This week I had the pleasure of participating in the annual Virginia Association of School Librarians conference in Norfolk, Virginia. I’ll admit that I was a fish out of water — the only teacher in a sea of school librarians. Even though I don’t know much about the Dewey Decimal system or online catalogs, they made me feel right at home.

As I sat at dinner, listening to their conversation about teaching and learning, I realized that unless you have had the privilege of working in a school over the past decade you may not understand what school librarians actually do.  Librarians are not a braggy bunch; so I feel inclined to set the record straight on their behalf. You probably think they spend their entire day shelving and checking out books, while shushing students. It’s time to set aside these stereotypes and give librarians their long overdue kudos.

Librarians teach — a lot 
First and foremost, school librarians are teachers.
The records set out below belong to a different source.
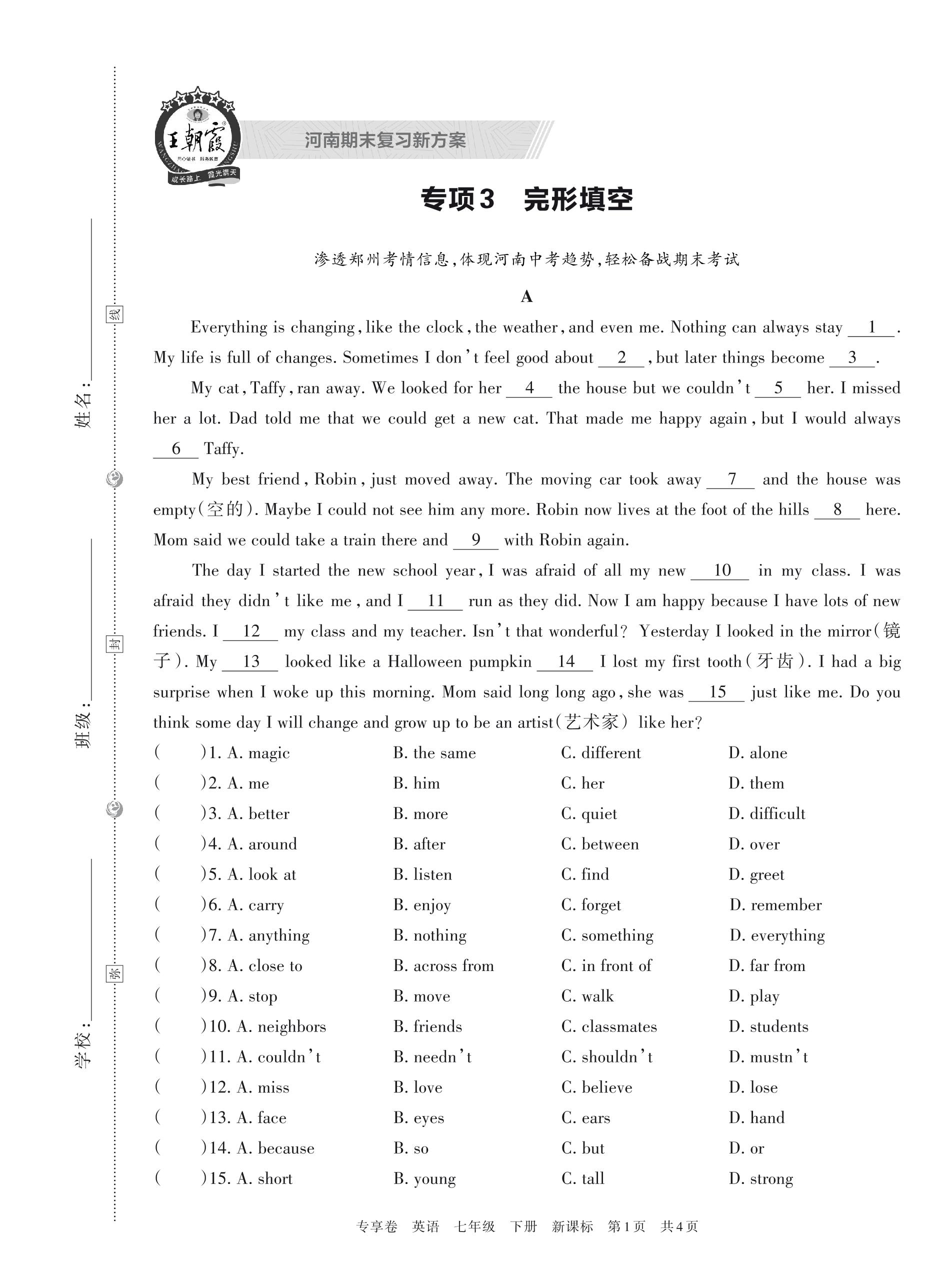王朝霞期末专项卷——完形填空七年级下册英语(新课标版)_R230504163544125【3】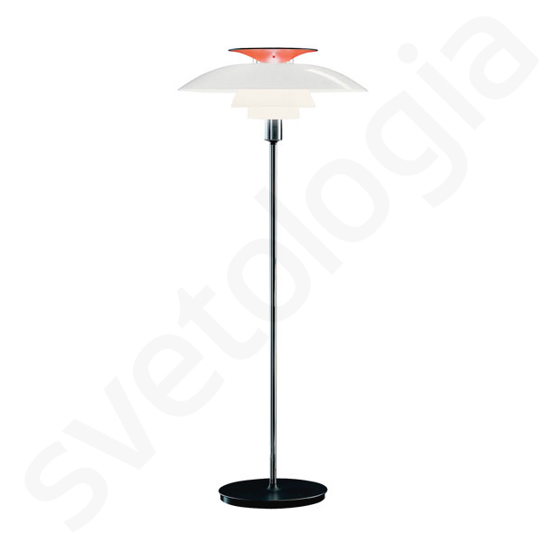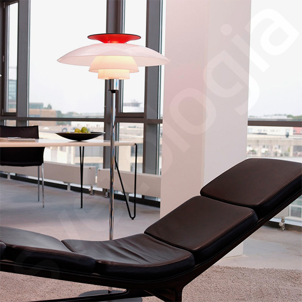 Напольный светильник PH 80 от Louis Poulsen обеспечивает приятный, рассеянный свет, в основном направленный вниз. Уникальная конструкция позволяет свету, выходящему из источника перераспределяться между рассеивателями и мы получаем мягкий рассеянный, но в то же время достаточно интенсивный свет. PH 80 был создан так, чтобы искусно замаскировать источник света и обеспечить амбиентное освещение. Из всей коллекции этот светильник выделяется красной акриловой пластиной, венчающей конструкцию.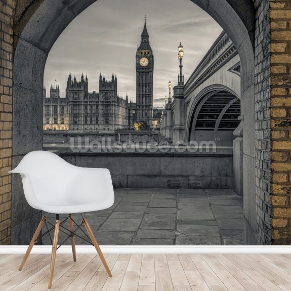 Custom Made wallpaper mural of Westminster Abby and Big Ben from Thames Promenade.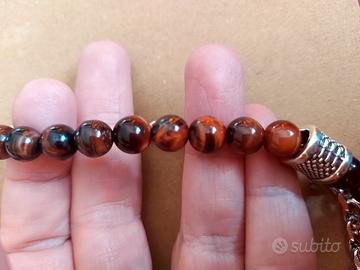 Braccialetto uomo in acciaio inossidabile e pietre dure naturali occhio di tigre nuovo non usato. Lunghezza 19. 5 cm.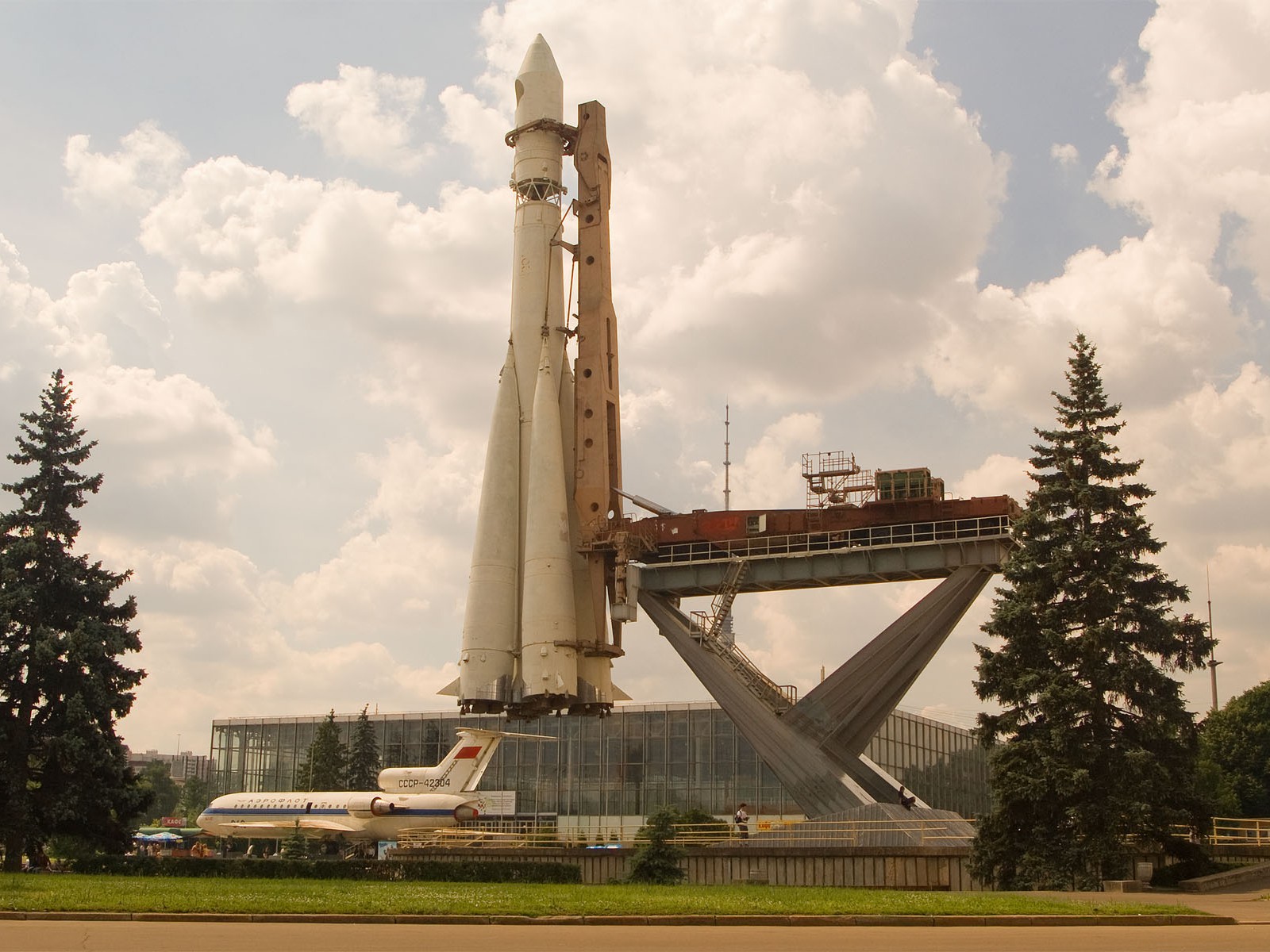 Ракета «Восток» была установлена на ВДНХ СССР в сентябре 1967 года в ознаменовании 50-летия Октября, и 20 сентября того же года состоялось её торжественное открытие. Ракету установили в центре большого круглого бассейна, где некогда, до 1952 года возвышался той же высоты монумент «Сталин» работы С. Д. Меркурова. В 2008-2010-е гг. ходили слухи и предложения, что макет ракеты необходимо демонтировать, но в октябре-декабре 2010 года памятник был отреставрирован и заблистал также, как и при открытии в 1960е.

If you walk into our school’s library on any given day you are likely to see one of our librarians co-teaching or independently teaching a lesson. In order to pull this off, librarians have to be content experts in everything from science to math to PE. Moreover, librarians have the ability and desire to teach children of all levels and learning styles.

Librarians are Apple Geniuses in disguise
Librarians know A LOT about technology. Our librarians are the go-to teachers in our building for everything tech. They help us search the web, use Twitter, create our own websites, and help us learn how to use Google Classroom.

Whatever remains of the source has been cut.